Competing for Capitalism
During August, the National Exhibition Centre in Birmingham was host to the 1989 International Youth Skill Olympics. 450 apprentices and young trainees up to the age of 22, took part in internationally-agreed work standard tests enabling the countries taking part to compare techniques and training. As in the sporting Olympics, the winners received gold, silver and bronze medals. Working to strict timetables, the competitors were tested in some 34 skills ranging from bricklaying to hairdressing.
Employment’ Secretary Norman Fowler said about the event:
If this country is to become world class, training is of the essence. This is why the Skill Olympics are so important They focus the attention of employers and public alike on this nation’s performance and allow them to compare it with its competitors. Individuals, employers and the nation in general stand to benefit from them. (Employment News, February 1989)
Fowler was being slightly economical with the truth in his remarks. In the present system of society, capitalism, it is the working class, the vast majority who are forced to sell their labour power to a minority property owning class in order to survive, who have all the skills necessary to run capitalism on behalf of capitalists. The capitalists have the political and economic power necessary to ensure that workers continue to produce commodities for profit rather than for need.
Capitalism is a world-wide system where there is intense competition between different capitalist economic units, or countries, to appropriate as much profit as they can from their particular working class. The value-creating unpaid labour of the working class is converted into money-wealth when the commodities produced are exchanged on the market. The ability of the working class to generate technological advances for their capitalist masters, thus reducing the cost of commodities and increasing profits, is of great importance to capitalists.
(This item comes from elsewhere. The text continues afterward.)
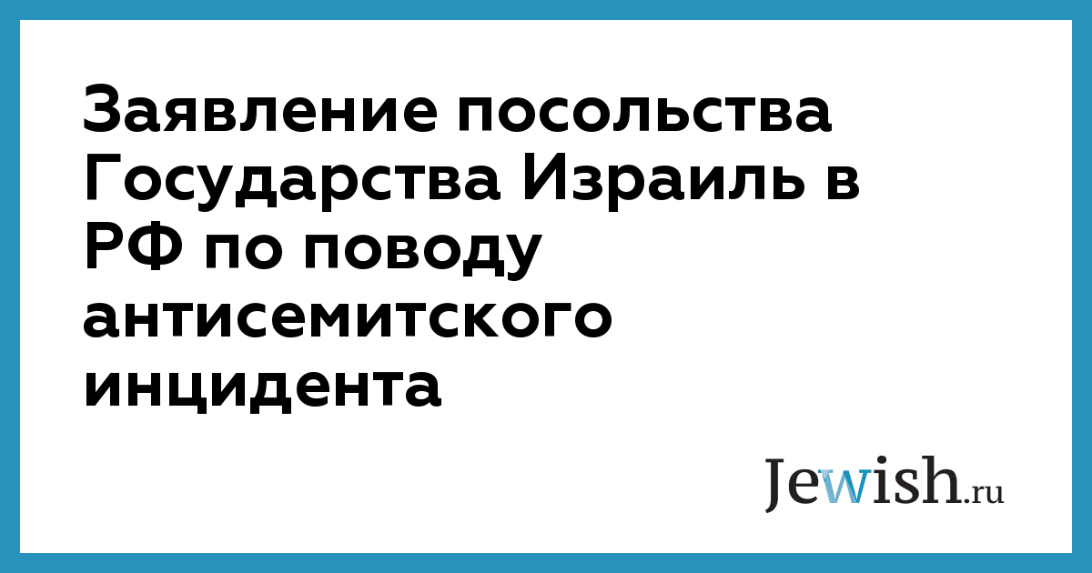Заявление посольства Государства Израиль в РФ по поводу антисемитского инцидента

Fowler’s attempt to invoke national pride on behalf of British youngsters “going for gold” has more to do with the ruling class’s need to accumulate even more capital than in any real pride in the youngsters abilities and talents. If capitalism can no longer exploit them for a profit the winners of any medals will be thrown on to the scrapheap. even when a real social need exists for their skills.
Treated Like Mushrooms
The personal roads that lead to becoming a socialist are many and varied. None of us tumble from the womb shouting. “Hey mum. I’m a socialist.” For some the route may lead from activity in one of the political parties committed to reforming rather than abolishing capitalism. Others, active in trade unions perhaps, come to realise that although it is necessary to fight the everyday economic battle against the capitalist class, the war will only be won through concerted political action on the part of a class-conscious working class. Some, like myself, start off as apolitical, but when confronted with the case for socialism agree with that capitalist class fighter, Mrs Thatcher—there is no alternative.
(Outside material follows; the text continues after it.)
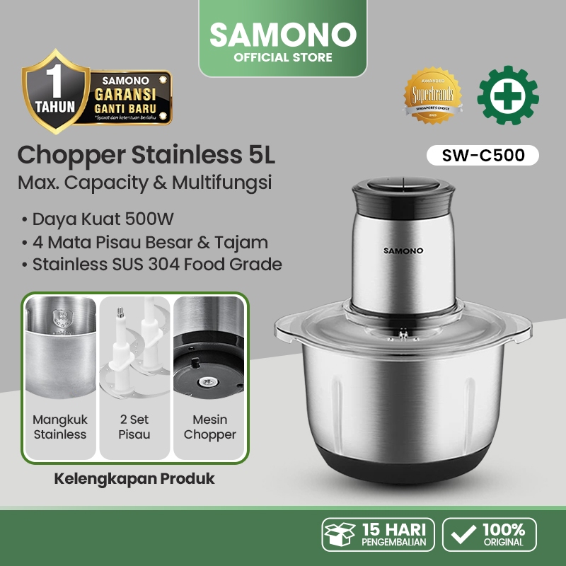 SAMONO Food Chopper 2 in 1 Stainless Steel 304 Kapasitas 5L Garansi Resmi 1 Tahun SW-C500

Once engaged in the struggle for socialism, it soon becomes apparent that hundreds of years of capitalist conditioning cannot be easily overcome within five minutes. Every new socialist experiences the shock of discovering that others fail to agree that socialism is the only viable alternative there is to this insane capitalist society. However, attitudes and opinions do change, and it is capitalism itself which creates socialists.
It is normal capitalist practice for small businesses to be swallowed by larger ones. This has just happened to the company which buys my labour power. During the time preceding the take-over. I and the rest of the wage-slaves here were treated, as usual, like mushrooms—kept in the dark and shit on from a great height. Although my work-mates hold deeply entrenched capitalist values, royalist, nationalist, racist and conservative, the threat to their livelihoods from the takeover has resulted in a drastic change of attitude. This doesn’t mean they have all become socialists. Far from it. But they have done something which a few months ago would have been unthinkable for them. They have joined a trade union.
If a class struggle between a minority who own most of the wealth, and a majority who are forced to sell their labour power in order to exist, was not taking place then trade unions would be unnecessary. Despite all the capitalist propaganda to make unions unpopular with a large number of the working class, and the futile involvement of the unions themselves in political action through the Labour Party, the only wav that the working class can even the odds a little is through economic strength and solidarity.
Socialists, wherever possible, belong to unions. Besides needing to defend ourselves as workers against employers, there is a need to balance the overwhelming insistence on the part of most trade union activists that support for the Labour Party is the only thing that is in the interest of the working class. The Socialist Party does not, unlike Leninist-Trotskyist organizations, believe that workers are only capable of attaining a “trade union consciousness”. but we don’t believe either that it is industrial struggle that will politicise workers. While unions are still fighting for a fair day’s pay for a pay day’s work, socialists fight for the abolition of the wages system.